## Supplied information:
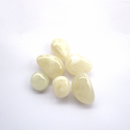 Bei diesem Artikel handelt es sich um Trommelsteine aus Friedenachat (weiß gebänderter Achat) mit einer Größe von 2-3 cm; Sie erhalten eine Menge von ~150 g. Die Trommelsteine eignen sich hervorragend zu Dekorationszwecken in Edelsteinbrunnen, zum Auflegen auf die Haut oder als Taschenstein. Da es sich bei den verarbeiteten Steinen um ein Naturprodukt handelt können Farben, Form und Musterung vom Beispielbild abweichen. Verbraucherhinweis: Bitte bedenken Sie, dass alle beschriebenen Wirkungen wissenschaftlich nicht belegbar sind und daher keinen Besuch beim Arzt ersetzen.
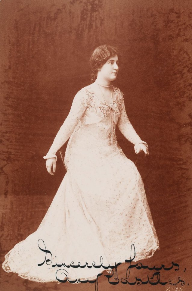 Amy Castles (1880–1951), soprano, was born in Melbourne and educated at schools in Bendigo, where her family lived from the early 1880s. She was still at school when her talents attracted the attention of a singing teacher named E Allan Bindley, who orchestrated her professional debut at the Austral Salon in Melbourne in March 1899. Having toured Australia to raise the means to study abroad, she went to Paris to train with Madame Mathilde Marchesi, Melba’s teacher, and later studied with Jacques Bouhy. She made her London debut in November 1901, appearing with Clara Butt and compatriot Ada Crossley, and then returned to Australia under contract to JC Williamson & Co. Castles performed in Britain and Europe throughout the first decade of the century, touring Australia again for J & N Tait in 1909–1910 before, in 1912, being offered a four-year contract with the Imperial Opera in Vienna. She was forced to return to Australia on the outbreak of war; and in 1917 went to the United States, remaining there for two years during which period she appeared at Carnegie Hall and gave concerts for convalescent and returned servicemen. Back in Australia from 1919, she went into semi-retirement. Castles never married. She died in Melbourne in 1951.
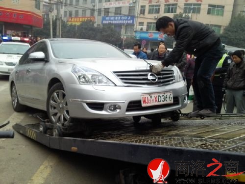 本網(wǎng)訊 (記者 李敏)商洛市區(qū)文衛(wèi)路轉(zhuǎn)盤一直是禁止停車的,但是部分車輛仍亂停亂放,尤其是小學放學時段更為嚴重。圖為十二月十一日十一點左右,一亂停車輛被交警部門強行拖離。交警隊工作人員提醒各位車主要嚴格遵守交通秩序,切勿亂停亂放。
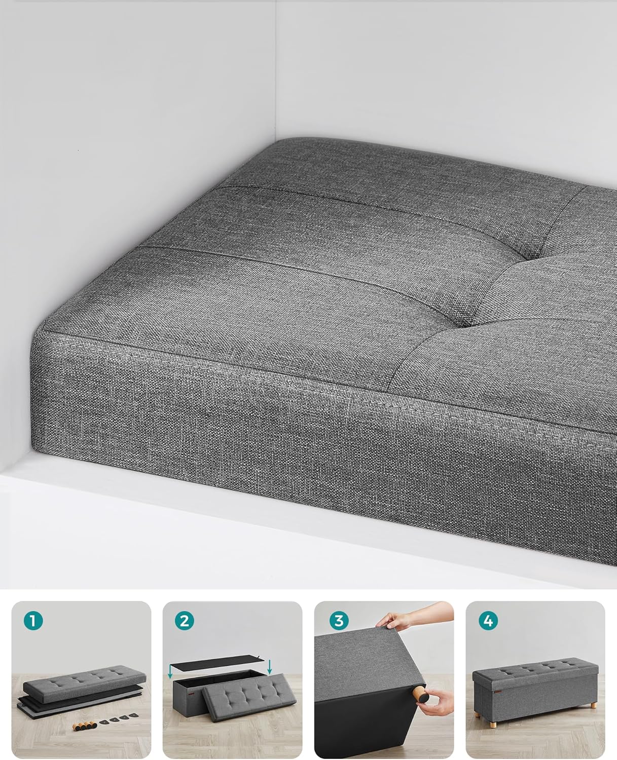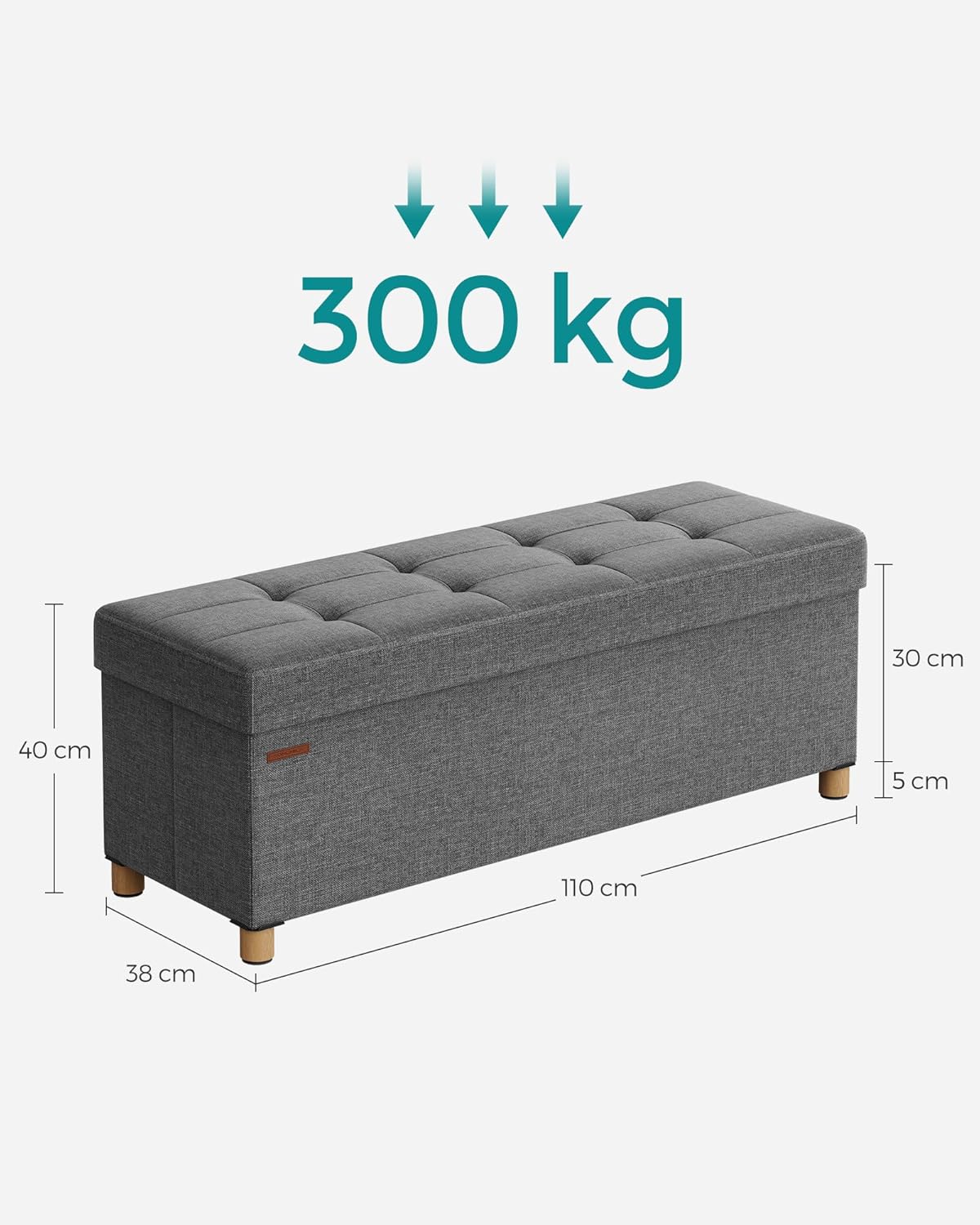 SONGMICS Stolička s úložným priestorom, 110 x 40 x 38 cm, sivá

## Aim of the task:
Write out the data above exactly as it appears, but without any image.

## Solution to this exercise:
 Bei diesem Artikel handelt es sich um Trommelsteine aus Friedenachat (weiß gebänderter Achat) mit einer Größe von 2-3 cm; Sie erhalten eine Menge von ~150 g. Die Trommelsteine eignen sich hervorragend zu Dekorationszwecken in Edelsteinbrunnen, zum Auflegen auf die Haut oder als Taschenstein. Da es sich bei den verarbeiteten Steinen um ein Naturprodukt handelt können Farben, Form und Musterung vom Beispielbild abweichen. Verbraucherhinweis: Bitte bedenken Sie, dass alle beschriebenen Wirkungen wissenschaftlich nicht belegbar sind und daher keinen Besuch beim Arzt ersetzen.
 Amy Castles (1880–1951), soprano, was born in Melbourne and educated at schools in Bendigo, where her family lived from the early 1880s. She was still at school when her talents attracted the attention of a singing teacher named E Allan Bindley, who orchestrated her professional debut at the Austral Salon in Melbourne in March 1899. Having toured Australia to raise the means to study abroad, she went to Paris to train with Madame Mathilde Marchesi, Melba’s teacher, and later studied with Jacques Bouhy. She made her London debut in November 1901, appearing with Clara Butt and compatriot Ada Crossley, and then returned to Australia under contract to JC Williamson & Co. Castles performed in Britain and Europe throughout the first decade of the century, touring Australia again for J & N Tait in 1909–1910 before, in 1912, being offered a four-year contract with the Imperial Opera in Vienna. She was forced to return to Australia on the outbreak of war; and in 1917 went to the United States, remaining there for two years during which period she appeared at Carnegie Hall and gave concerts for convalescent and returned servicemen. Back in Australia from 1919, she went into semi-retirement. Castles never married. She died in Melbourne in 1951.
 本網(wǎng)訊 (記者 李敏)商洛市區(qū)文衛(wèi)路轉(zhuǎn)盤一直是禁止停車的,但是部分車輛仍亂停亂放,尤其是小學放學時段更為嚴重。圖為十二月十一日十一點左右,一亂停車輛被交警部門強行拖離。交警隊工作人員提醒各位車主要嚴格遵守交通秩序,切勿亂停亂放。
 SONGMICS Stolička s úložným priestorom, 110 x 40 x 38 cm, sivá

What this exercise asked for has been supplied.